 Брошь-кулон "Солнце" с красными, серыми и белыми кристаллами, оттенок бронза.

==

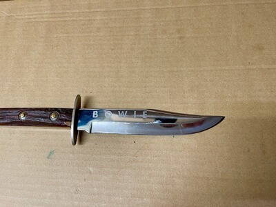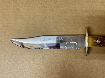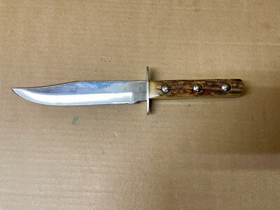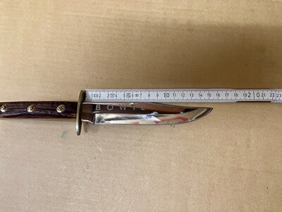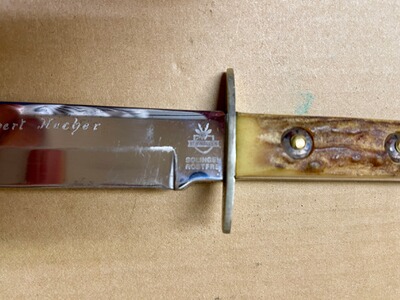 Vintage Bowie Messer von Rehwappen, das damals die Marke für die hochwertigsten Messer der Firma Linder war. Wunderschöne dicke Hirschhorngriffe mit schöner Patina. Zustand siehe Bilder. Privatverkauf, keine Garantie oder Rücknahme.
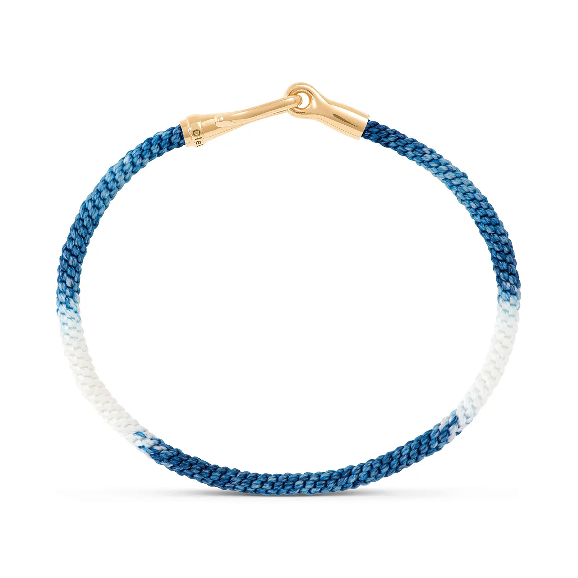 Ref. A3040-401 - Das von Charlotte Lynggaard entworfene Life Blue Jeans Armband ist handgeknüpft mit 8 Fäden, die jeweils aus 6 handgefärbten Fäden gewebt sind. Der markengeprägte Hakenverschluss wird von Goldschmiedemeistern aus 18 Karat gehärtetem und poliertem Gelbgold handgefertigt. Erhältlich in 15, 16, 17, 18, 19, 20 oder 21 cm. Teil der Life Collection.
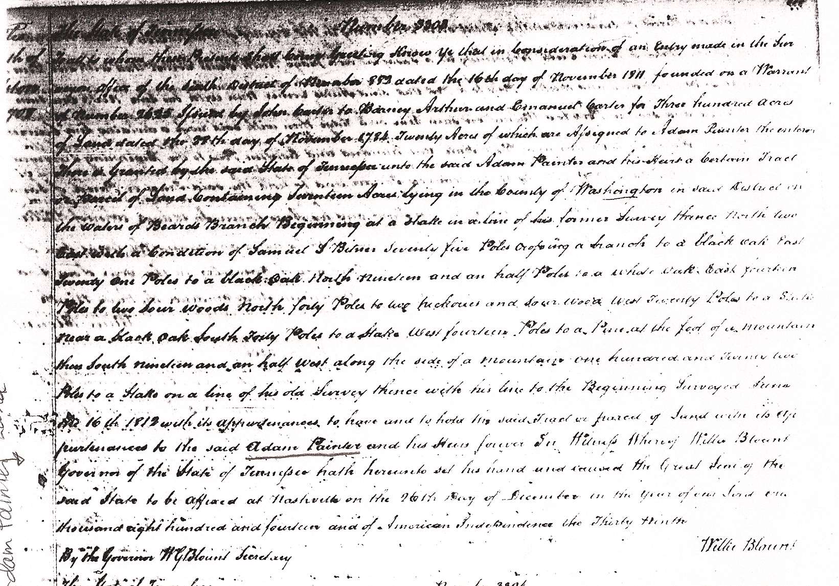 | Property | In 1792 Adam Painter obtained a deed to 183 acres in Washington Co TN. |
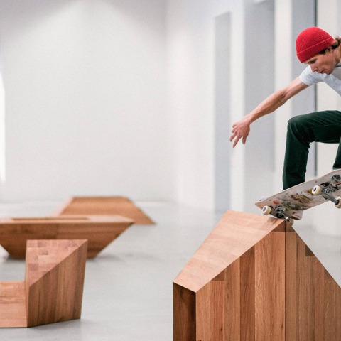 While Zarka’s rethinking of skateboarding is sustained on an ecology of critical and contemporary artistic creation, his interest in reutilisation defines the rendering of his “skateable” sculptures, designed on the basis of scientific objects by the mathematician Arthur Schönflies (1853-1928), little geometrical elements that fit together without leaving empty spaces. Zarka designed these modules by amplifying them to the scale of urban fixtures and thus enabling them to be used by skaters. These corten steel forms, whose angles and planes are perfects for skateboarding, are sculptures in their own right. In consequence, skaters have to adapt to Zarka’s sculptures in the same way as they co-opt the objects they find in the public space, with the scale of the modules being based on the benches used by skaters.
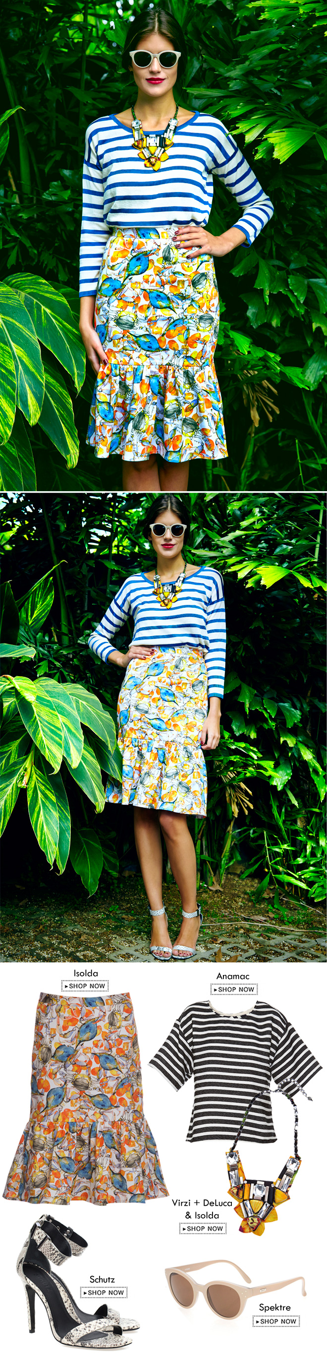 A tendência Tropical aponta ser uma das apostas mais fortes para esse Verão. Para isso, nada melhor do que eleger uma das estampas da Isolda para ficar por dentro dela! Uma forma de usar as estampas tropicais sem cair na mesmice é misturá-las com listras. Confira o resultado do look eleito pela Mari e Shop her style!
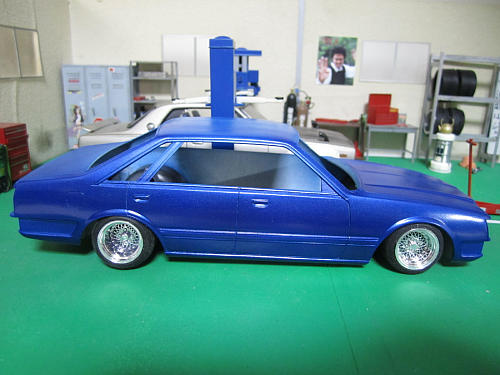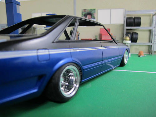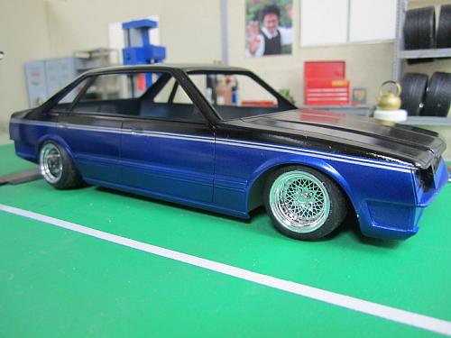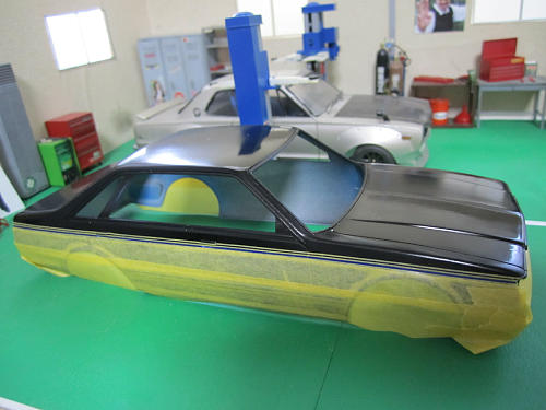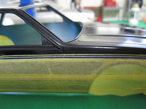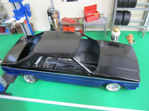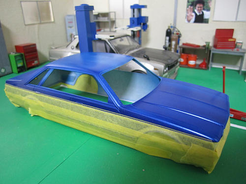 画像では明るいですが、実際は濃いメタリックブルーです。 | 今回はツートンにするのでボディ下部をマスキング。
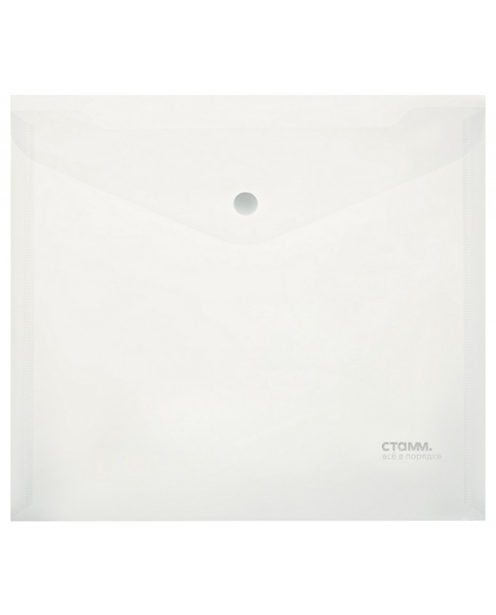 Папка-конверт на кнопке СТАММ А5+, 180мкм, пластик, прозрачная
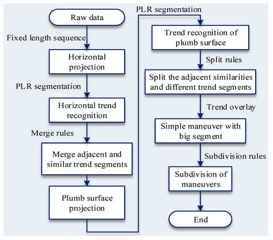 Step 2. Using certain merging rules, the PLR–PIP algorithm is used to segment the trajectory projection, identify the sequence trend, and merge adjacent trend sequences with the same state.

...

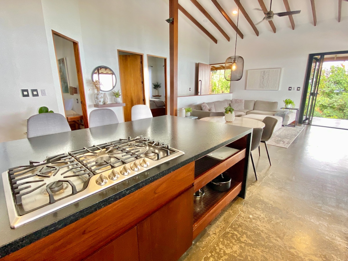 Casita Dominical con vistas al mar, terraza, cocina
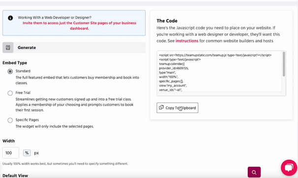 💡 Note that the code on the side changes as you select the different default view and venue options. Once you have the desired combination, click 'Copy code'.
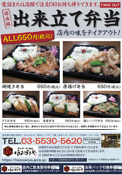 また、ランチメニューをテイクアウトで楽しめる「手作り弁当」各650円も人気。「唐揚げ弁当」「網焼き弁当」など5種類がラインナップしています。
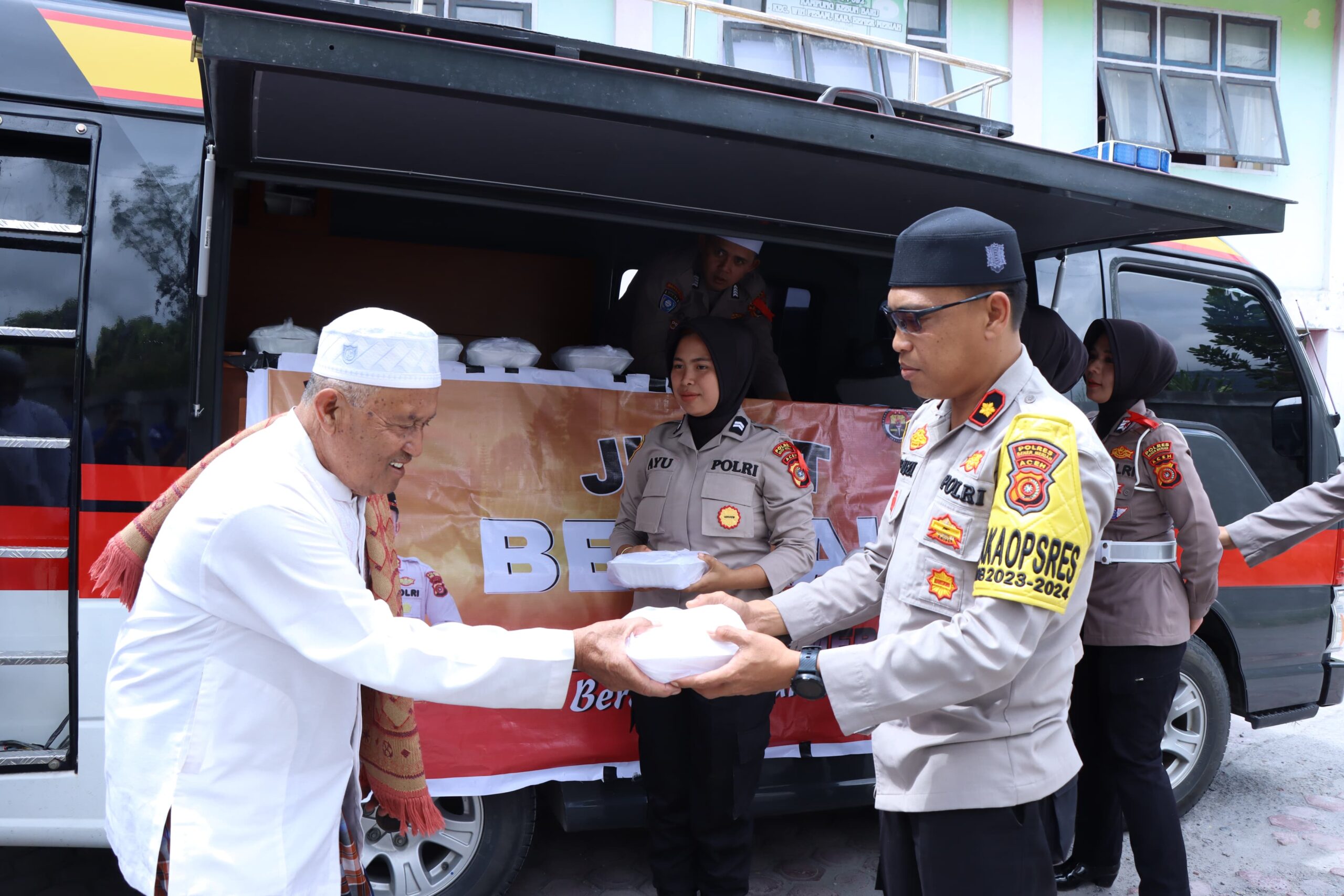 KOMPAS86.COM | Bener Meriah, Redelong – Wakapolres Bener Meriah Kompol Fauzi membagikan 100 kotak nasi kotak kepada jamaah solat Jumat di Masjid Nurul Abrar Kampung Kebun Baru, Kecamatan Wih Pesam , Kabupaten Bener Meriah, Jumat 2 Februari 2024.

**What the task requires**
The lines to reproduce run from the one above containing "A tendência Tropical" through the one containing "Step 2. Using". Copy them exactly and leave out all pictures.

**Written response**
 A tendência Tropical aponta ser uma das apostas mais fortes para esse Verão. Para isso, nada melhor do que eleger uma das estampas da Isolda para ficar por dentro dela! Uma forma de usar as estampas tropicais sem cair na mesmice é misturá-las com listras. Confira o resultado do look eleito pela Mari e Shop her style!
 画像では明るいですが、実際は濃いメタリックブルーです。 | 今回はツートンにするのでボディ下部をマスキング。
 Папка-конверт на кнопке СТАММ А5+, 180мкм, пластик, прозрачная
 Step 2. Using certain merging rules, the PLR–PIP algorithm is used to segment the trajectory projection, identify the sequence trend, and merge adjacent trend sequences with the same state.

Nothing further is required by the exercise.